The sun stretched, adults yawned, and Ruth opened her mother’s gift on Christmas morning. At the sight of the blanket, her grandmother’s eyes welled with memories of Ruth’s mother, looking almost identical to how Ruth looked now, wrapped up in her own blanket with the snaps. Ruth admired the gentle color of the blanket’s slick side and stroked the fleece side against her check before setting it on top of the rest of her gifts. She thanked her mother enthusiastically (she’d always been acutely aware of her reaction to gifts in front of their givers) and laughed good-naturedly at her grandmother’s hovering tears before hugging them down her face.

Naked trees shivered, frost iced the landscape, and at her mother’s suggestion Ruth spent the winter with the blanket layered beneath her covers.

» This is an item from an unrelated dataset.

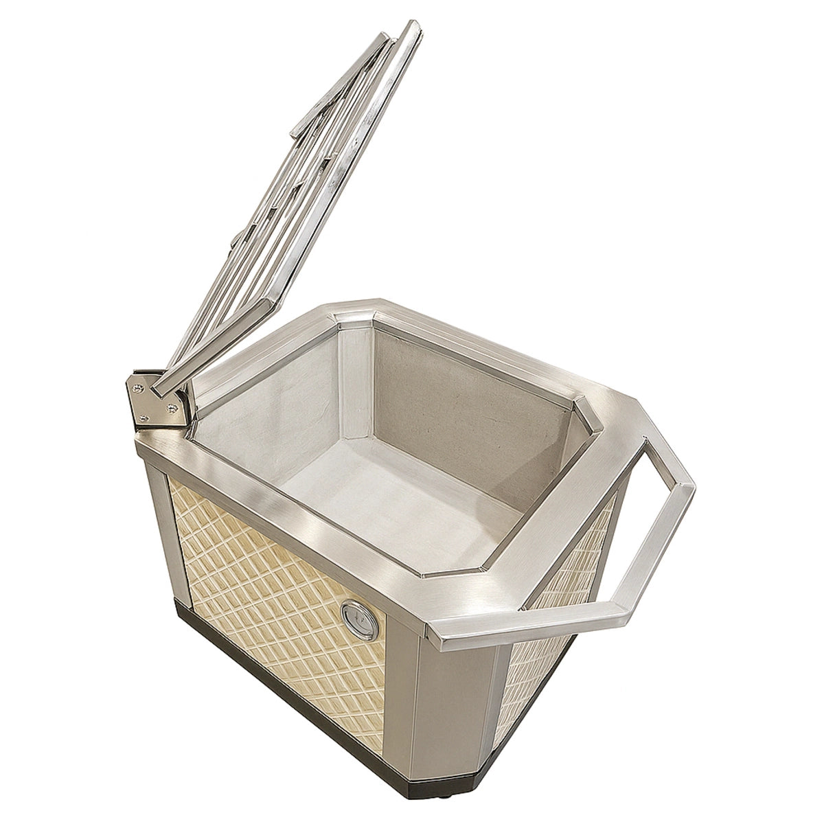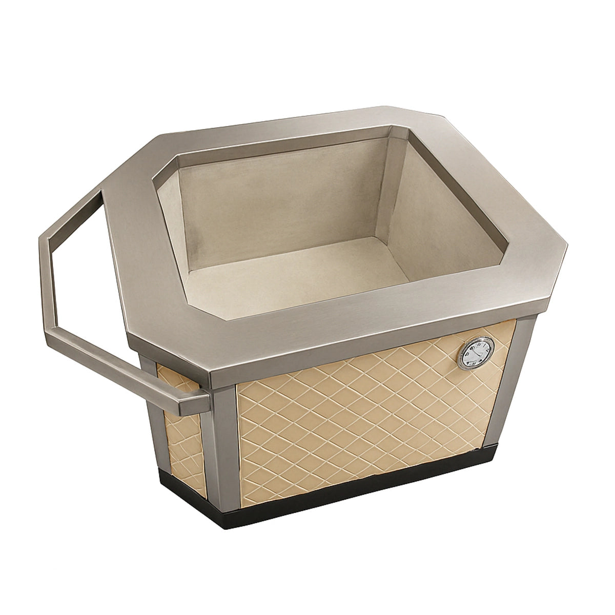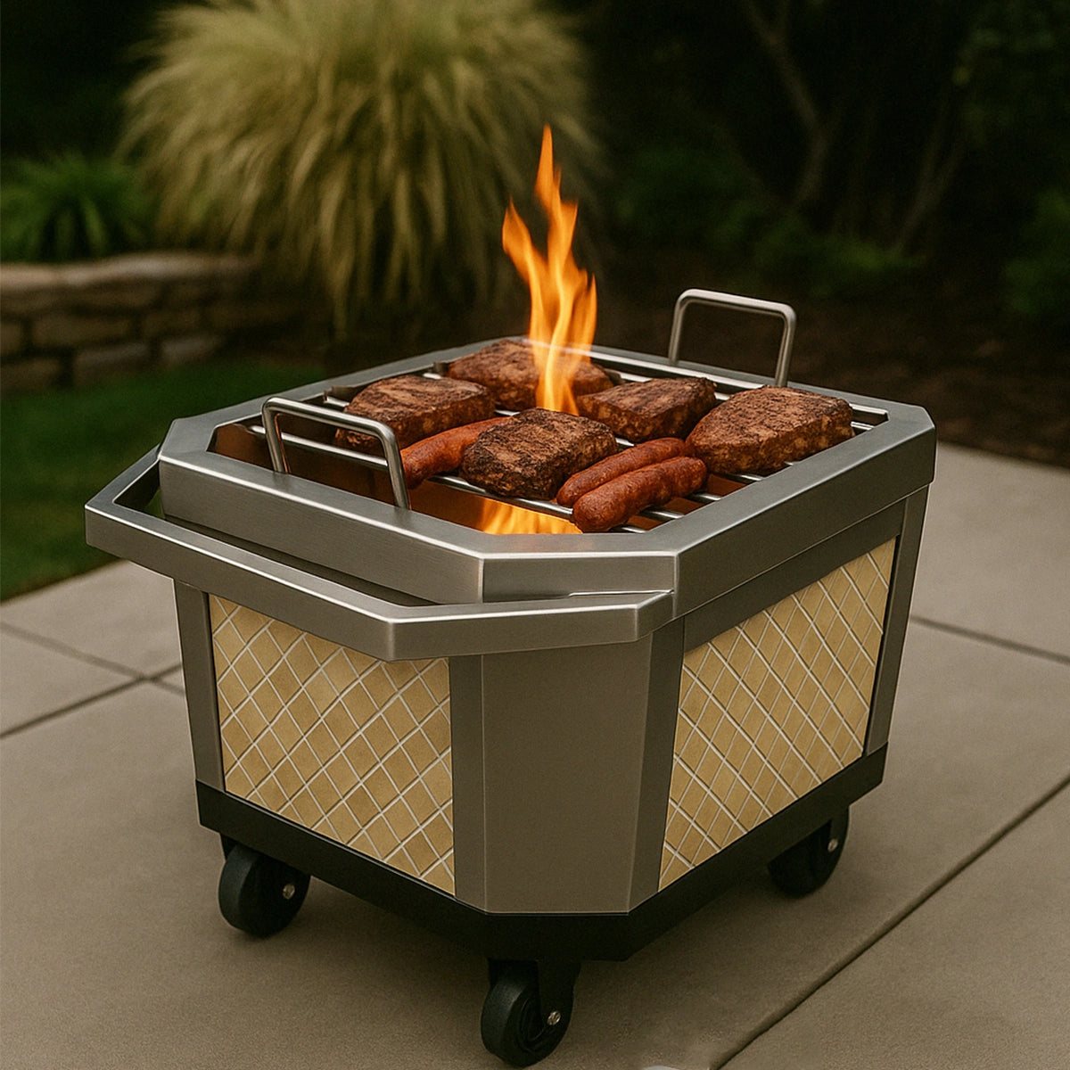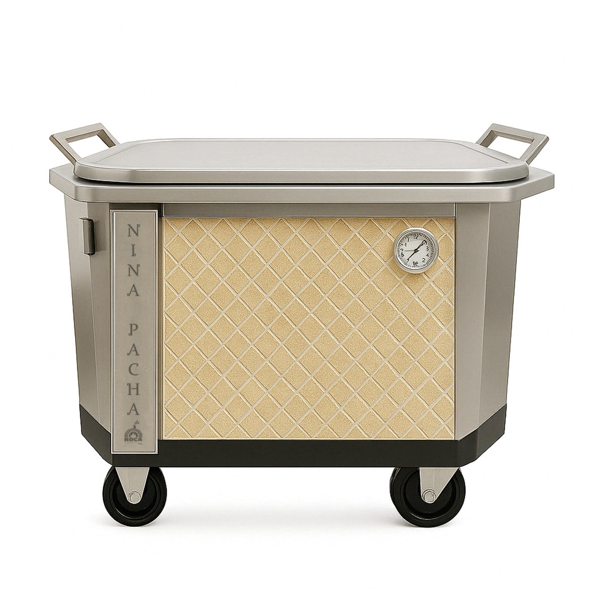 Su interior de cemento refractario retiene el calor de forma eficiente, mientras que su exterior enchapado en mármol y acero inoxidable ofrece una estética impecable y durabilidad a toda prueba. El diseño incluye cuatro garruchas de alta resistencia para una movilidad fluida en cualquier superficie.

She nestled beneath it every night, but felt guilty when she couldn’t love it any more than anything else she had in her room, and she never snapped it around herself as her mother had done. She’d tried to wear it like that the day she was given the blanket, but it had made her feel uncomfortable and constrained. So instead she slept with the blanket spread flat beneath her sheets through that winter and into the spring.

Spring sprung, flowers bloomed and Ruth bounced for a moment on her toes before diving headfirst into his eyes. The weeks passed for her not in hours and days but in giggles and kisses, and she was surprised when her usually analytical, suspicious mind released her heart and allowed it to love recklessly and entirely. Making her bed one giddy morning, Ruth stroked the soft, fleece side of her blanket and then the slick, smooth side, and she thought of sweet picnics and stargazing from quiet hilltops. She folded the blanket and kept it in her car in preparation for any such spontaneity.

The moon beamed loudly, prom streamers fluttered, and Ruth danced with him wildly. Her classmates all felt just as immortal, and everyone laughed and spun and anticipated together. When they finally left the dance, Ruth’s body was still coursing with the night’s excitement, intoxicated with young love and the bright eternity that stretched before her. He brought her to a small hilltop where she spread the slick side of the blanket against the grass, and the two lay trembling there beneath the stars. Finally, he wrapped his mouth and his heart and his body around hers, and her innocence leaked slowly onto the fleece.

The moon slid drunkenly behind the hills, birds began to wake, and Ruth flew home on her own audacity, leading the dawn behind her. In the dim light, she noticed the garbage can her father had brought to the curb the night before, and she decided to spare her mother the pain of discovering the once soft fleece now stained with rebellion. Quietly, she lifted the lid and dropped the blanket inside. Its snaps scraped loudly against the can for an instant, but then the morning quickly swallowed the noise. By the time the lid banged back down, Ruth was rushing back to the house, her blanket already forgotten.